Daily Times - Leading News Resource of Pakistan
Editorial: Interpreting the Sharm al-Sheikh meeting
The Gilani-Manmohan meeting at Sharm al-Sheikh in Egypt on July 16 has produced two versions of what really happened. The joint statement says that “dialogue is the only way forward”, adding that “action on terrorism should not be linked to the Composite Dialogue process and these should not be bracketed”. This gives rise to more ambiguity, which is of the essence when managing intractable crises. From Pakistan’s point of view, the sentence can be taken to mean two things at the same time. It can mean that Pakistan will not act against terrorists unless and until there is a resumption of Indo-Pak talks; it can also mean that India will not make talks conditional to Pakistan’s action against the terrorists.
Within the same text, however, from India’s point of view, Prime Minister Manmohan Singh was quoted as insisting on punishing the Mumbai attack culprits before talks could be held; Prime Minister Yousaf Raza Gilani’s response to this is that Pakistan would do its best “but what about the dossier of questions Pakistan sent to India?” This was thrust and parry par excellence, indicating how the bureaucrats jousted over the text. Pakistan next got in a mention of “some information” it had “on threats in Balochistan and other areas” (an oblique reference to FATA). The Indian side must have fought over this. India is not mentioned but back home in Pakistan everyone knows it means Indian mischief inside Pakistan.
Talking to the press the two prime ministers added, in their own way, to the body of the text. Mr Singh said he would not get into a composite dialogue without Pakistan first showing progress on the anti-terrorist front. He also denied that India was involved in the trouble in Balochistan and other areas in Pakistan. Mr Gilani was more conciliatory but he did get in a reference to Kashmir as “an outstanding issue whose resolution will help in establishing peace”.

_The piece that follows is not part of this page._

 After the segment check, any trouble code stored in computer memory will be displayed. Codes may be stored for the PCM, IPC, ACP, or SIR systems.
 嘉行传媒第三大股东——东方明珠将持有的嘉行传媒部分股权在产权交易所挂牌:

The joint statement doesn’t have the word Kashmir in its text. That must have been managed by the Indian diplomats in exchange for allowing Pakistan’s reference to Balochistan, but it was welcomed in certain quarters in India, while rejectionists there latched on to the ambiguity of the “linking” of terrorism to the composite dialogue. There is a history of how Pakistan has gradually made Kashmir remote as the central target of its campaign to talk to India under the Simla Agreement. In the past, it was “separated” from the rest of the agenda of composite talks and consigned to a special basket.
The Balochistan reference is important for Pakistan because Baloch insurgents themselves have talked about getting help from India. The fact that the world has ignored it is less about the lack of evidence and more about the pragmatism of geopolitics. As for India’s involvement in fomenting trouble in FATA, the issue has been handled in Pakistan irresponsibly. The trouble in FATA is home-grown but India has been taking advantage of it indirectly. That is smart from the Indian perspective because it is extremely difficult to find “direct” evidence of its involvement.

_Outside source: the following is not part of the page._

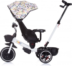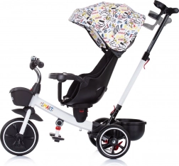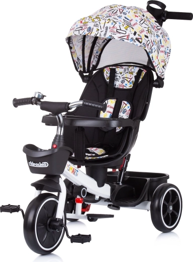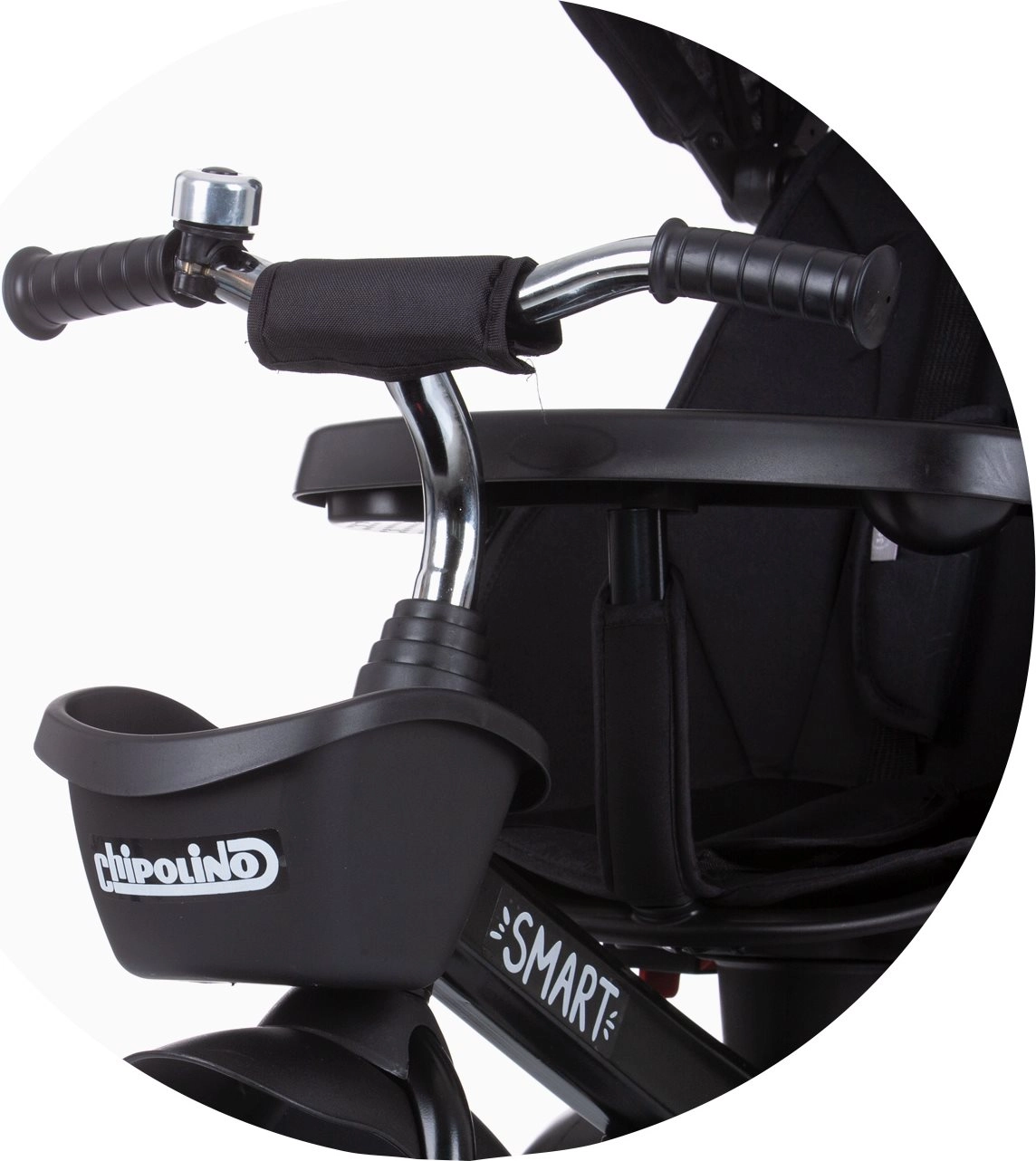 Multifunctioneel product Chipolino driewieler met kap Futuro met 2 verschillende gebruikswijzen – ouder duwt het kind of het kind bestuurt het speelgoed zelf met behulp van pedalen. De driewieler wordt een geweldige metgezel die meegroeit met het kind.

Even so government functionaries have been feeding the media this line and most TV channels have come to accept Indian interference as a given without any tangible proof.
One TV anchor talking to veteran Indian journalist Kuldip Nayar on Thursday stated that militants killed in Swat were gurkhas of the Indian army because they were found to be uncircumcised (by the way, the Mehsuds are traditionally uncircumcised). This information still has to be tangibly proved inside Pakistan. If however Pakistan is being cautious by not revealing proof and is waiting for an appropriate moment for disclosure, then it may be hurting itself in the interim.
On Friday, the Bangladesh Prime Minister Ms Hasina Wajed went on record as saying that she would not allow the soil of her country to be used for terrorism inside India. This statement followed a complaint from the Indian side that Pakistan was interfering in Assam and the north-eastern states of India while using Bangladesh as a corridor. A lot of literature about this “covert” war indicates that Pakistan is keeping the pot of insurgency boiling in India only through injection of money. If this is true then India could be doing a similar tit-for-tat kind of operation in FATA, deniably and without non-state actors. It is to remove this kind of bilateral mischief too that Indo-Pak talks are needed.